Elle estime donc nécessaire de clarifier les dispositifs, d'envisager "un soutien plus modéré" à la filière qui a reçu 2,25 milliards d'euros d'aide en 5 ans et de préciser les "objectifs" pour le citoyen "qui a été le financeur de cette politique sans qu'on lui dise".
Ainsi, pour elle, le bilan agricole est "mitigé quoique légèrement positif" et sur le plan énergétique, le bilan n'est pas "aussi favorable qu'on pourrait le croire".Les biocarburants dans le contexte agricole et environnemental
Les biocarburants utilisent en France pour la culture de leur matière première un peu moins de 6 % de la surface agricole utile, c'est-à-dire 1,7 Mha en 2010, dont 1,45 Mha pour le biodiesel et 250 000 ha pour le bioéthanol.

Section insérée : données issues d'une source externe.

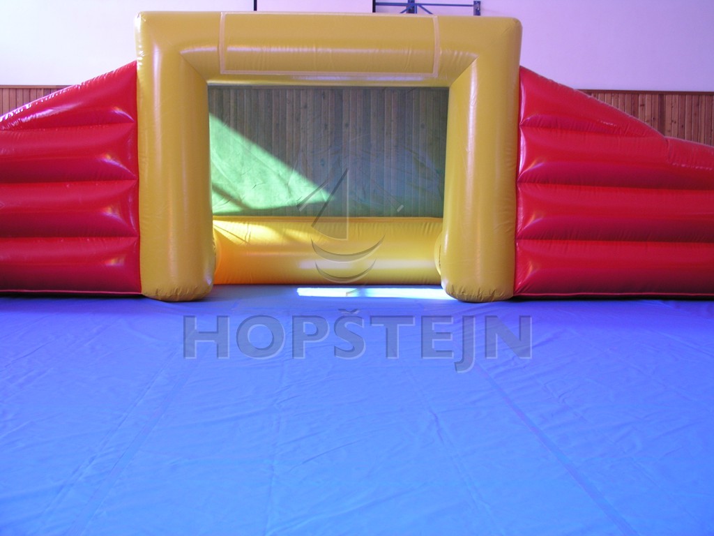 Nafukovací hřiště na fotbal, florbal, vodní fotbal a jiné aktivity. Nafukovací mantinely, brány, pevná PVC podlaha. Ideální atrakce na letní sezónu do kempů, na koupaliště… Velká barevná škála PVC plachtoviny. Suché zipy na hrazení pro Vaše transparenty.

Au plan de l’environnement, les biocarburants ont initialement fait l'objet d'un a priori positif. Toutefois, à partir de 2008 et de l'envolée du prix des matières premières agricoles, des critiques ont été faites sur la compétition existant entre la production de biocarburants et celle de nourriture pour les hommes ou les animaux. Par ailleurs, le bilan en termes d'émissions de gaz à effet de serre (GES) a été constamment révisé dans un sens plus restrictif. De surcroît, les analyses des coûts/avantages ont commencé à tenir compte plus correctement de l’énergie nécessaire à leur production par rapport à celle restituée lors de leur combustion, ainsi que des changements d'affectation des sols, peut on lire dans un communiqué de presse.
Développés sur les terres en jachère, les biocarburants ont permis la diversification des débouchés de l'agriculture, ce qui a été salutaire pour la betterave, note la Cour, qui précise que selon les professionnels cela a généré 18.000 emplois directs et indirects.

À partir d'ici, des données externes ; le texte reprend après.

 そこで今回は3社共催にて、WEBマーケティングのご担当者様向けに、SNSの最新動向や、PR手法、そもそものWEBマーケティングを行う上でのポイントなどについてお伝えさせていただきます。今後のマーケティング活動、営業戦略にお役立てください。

L'essor des biocarburants a par ailleurs permis de réduire les importations de soja de la France, grâce aux autres produits issus des biocarburants (principalement les tourteaux de colza destiné à la nourriture du bétail).
La Cour recommande de poursuivre le soutien à la production et à la vente de biocarburants de première génération en respectant les conditions et les exigences ci-après :
· prendre acte que la volonté des autorités françaises d’être plus ambitieuses que leurs partenaires européens a eu pour résultat des incohérences dans les objectifs qui se traduisent désormais par l’impossibilité de respecter les cibles d’incorporation de biocarburants dans les carburants fossiles ;
· redéfinir en conséquence, de façon plus réaliste, ces cibles, qui doivent être adaptées aux contraintes techniques aussi bien de la distribution (adaptation des réseaux) que des motoristes. Ces derniers peuvent certes se plier à la plupart des contraintes, à condition qu’elles soient clairement formulées et stables dans le temps ;
· ce qui peut être compatible avec le choix d’établir des taux d’incorporation flexibles à l’intérieur de ces plages pour tenir compte des fluctuations des prix des denrées alimentaires ;
· acquérir une véritable connaissance, qui fait encore défaut, des données comptables et financières de la filière ;
· accélérer la réduction de la défiscalisation TIC, tout en maintenant l’écart existant entre la filière biodiesel et la filière éthanol jusqu’à l’extinction de la défiscalisation, qu’il conviendrait d’envisager sans nouvel agrément pour 2015 ;
· maintenir la TGAP à un niveau assez élevé est, en revanche, la garantie que les objectifs d’incorporation sont respectés tant qu’ils ne sont pas formellement obligatoires ;
· satisfaire ensuite les exigences de transparence vis-à-vis des citoyens, consommateurs et contribuables, en faisant clairement savoir à l’opinion si la politique en faveur des biocarburants est une vraie composante d’une politique de protection de l’environnement ou un simple volet d’une politique agroindustrielle ;
· s’attacher aussi à des exigences de présence dans les instances européennes pour y défendre la filière dans son ensemble face aux importations aidées ou contournant les règlementations et pour anticiper la négociation qui va s’engager avec nos partenaires européens sur la fiscalité de l’énergie.